# 1937 Roadmaster Speed King



## Freqman1 (Nov 11, 2019)

This one has me a little confused because of the fork. Replaced? About four coats of house paint but overall seems pretty solid and correct. @CWCMAN V/r Shawn


----------



## CWCMAN (Nov 11, 2019)

Shawn, this is definitely a 37 deluxe model 01826.

As you mentioned, the fork is not correct. It should be a swan style fork with the use of the duel Deltas. That fender light was added later.

It looks like it has the correct three piece tank.

Pretty nice one.

Edit: I should add that this bike is badged Speed King and is not always equipped as the cataloged Roadmaster. That being said, the fork could very well be original to the bike. I believe that three tier fork style first appeared in 1938, So it could be original to the bike. However, I still bet that fender light was added at some point. It was probably originally equiped with a single Delta silver ray or the Delta horn/light combo. My best guess based on the  conduit provisions on the tank and front fender and the tank switch.


----------



## Krakatoa (Nov 11, 2019)

I think the fork could be correct.


----------



## frankster41 (Nov 11, 2019)

CWCMAN said:


> Shawn, this is definitely a 37 deluxe model 01826.
> 
> As you mentioned, the fork is not correct. It should be a swan style fork with the use of the duel Deltas. That fender light was added later.
> 
> ...



Truss rods are to close together for the dual headlights


----------



## CWCMAN (Nov 11, 2019)

frankster41 said:


> Truss rods are to close together for the dual headlights




I disagree. Same truss rods and upper bracket as used on the swan style fork. It's the swan fork that sets the trusses in place but the spacing looks the same to me regardless.
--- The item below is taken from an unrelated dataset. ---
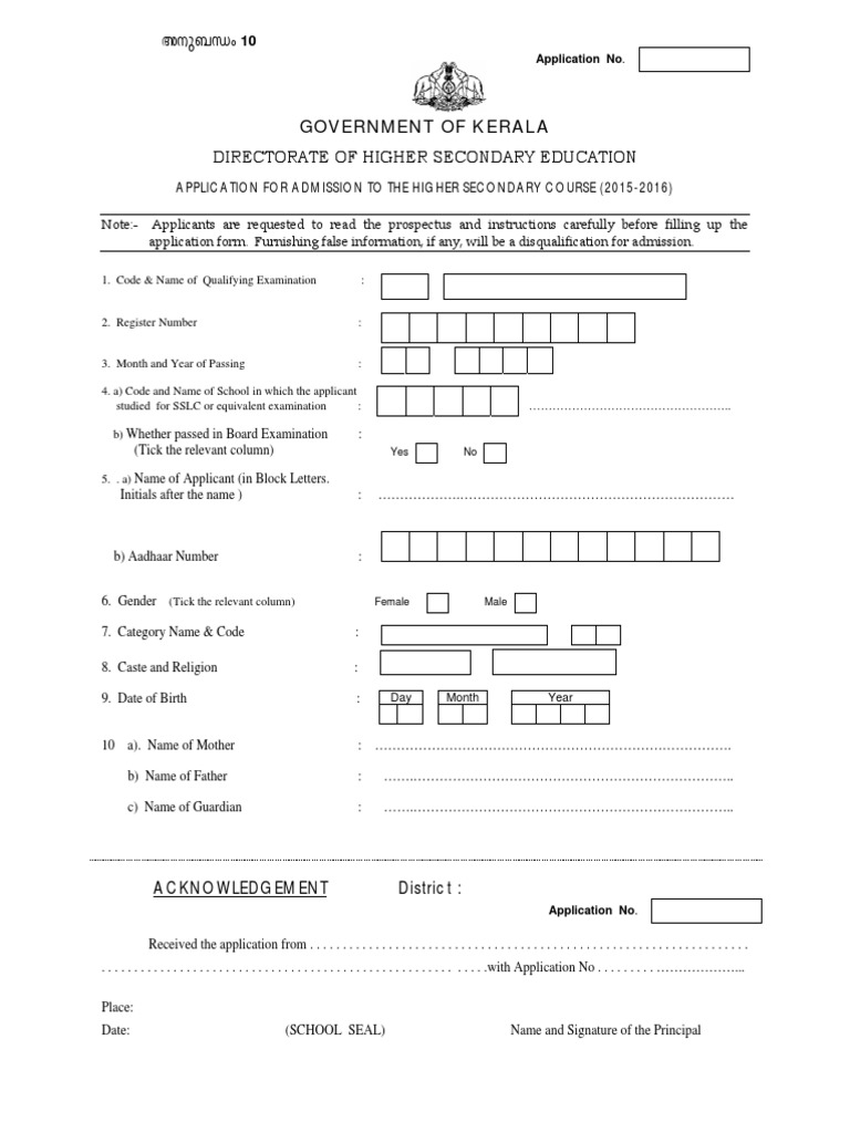 APPLICATION FOR ADMISSION TO THE HIGHER SECONDARY COURSE (2015-2016)

Read my edit


----------



## Nickinator (Nov 11, 2019)

_I think the trussrods and bracket are correct but it's a wald replacement fork 

Nick._


----------



## Freqman1 (Nov 12, 2019)

The Morrow is dated 4th Qtr '37. When I get time I think I'm going to pull the fork and crank to see if the original paint matches and put this to rest. I would agree that light was added on fender. V/r Shawn


----------



## ricobike (Nov 12, 2019)

Nice badge.  Never seen that one before.  Kinda cool that it's for a Cleveland hardware store.


----------



## Freqman1 (Nov 13, 2019)

I know the cat shows Silver Rays but just curious if maybe this didn't have a hornlight on it? I think I may take a stab at removing the house paint and seeing if there is any original paint underneath. V/r Shawn


----------



## lgrinnings (Nov 13, 2019)

Freqman1 said:


> I know the cat shows Silver Rays but just curious if maybe this didn't have a hornlight on it? I think I may take a stab at removing the house paint and seeing if there is any original paint underneath. V/r Shawn




Based on the combination of the built-in tank horn and the fender having the rubber grommet where the wires come up through for the Silver Ray assembly (instead of the absence of a grommet because the wires travel along the fender underside to the horn light), I'd guess (I'm not 100% on this) that this didn't have a horn light.

Amazing grab, by the way.


----------



## Freqman1 (Nov 13, 2019)

lgrinnings said:


> Based on the combination of the built-in tank horn and the fender having the rubber grommet where the wires come up through for the Silver Ray assembly (instead of the absence of a grommet because the wires travel along the fender underside to the horn light), I'd guess (I'm not 100% on this) that this didn't have a horn light.
> 
> Amazing grab, by the way.




Excellent point. I guess my main concern now is whether the fork is correct for this bike. This bike actually belongs to a friend who I am helping liquidate his collection. Thanks, Shawn


----------



## cds2323 (Nov 13, 2019)

Freqman1 said:


> Excellent point. I guess my main concern now is whether the fork is correct for this bike. This bike actually belongs to a friend who I am helping liquidate his collection. Thanks, Shawn





This bike very well might have had the horn light. I didn't think the wires running to the truss silver rays ran through the ferrule into the fender and then back up again. I've seen other bent tanks of this vintage with the horn light. I think I have a hardware page showing a bike with the horn light. I'll look later after I get home.


----------



## saladshooter (Nov 13, 2019)

Here are pics from my original, _catalog _correct 37 Roadmaster badged deluxe model 01826. The wires for the silver rays run through the ferrule from the tank to the fender and then come back up through the fender under the fork.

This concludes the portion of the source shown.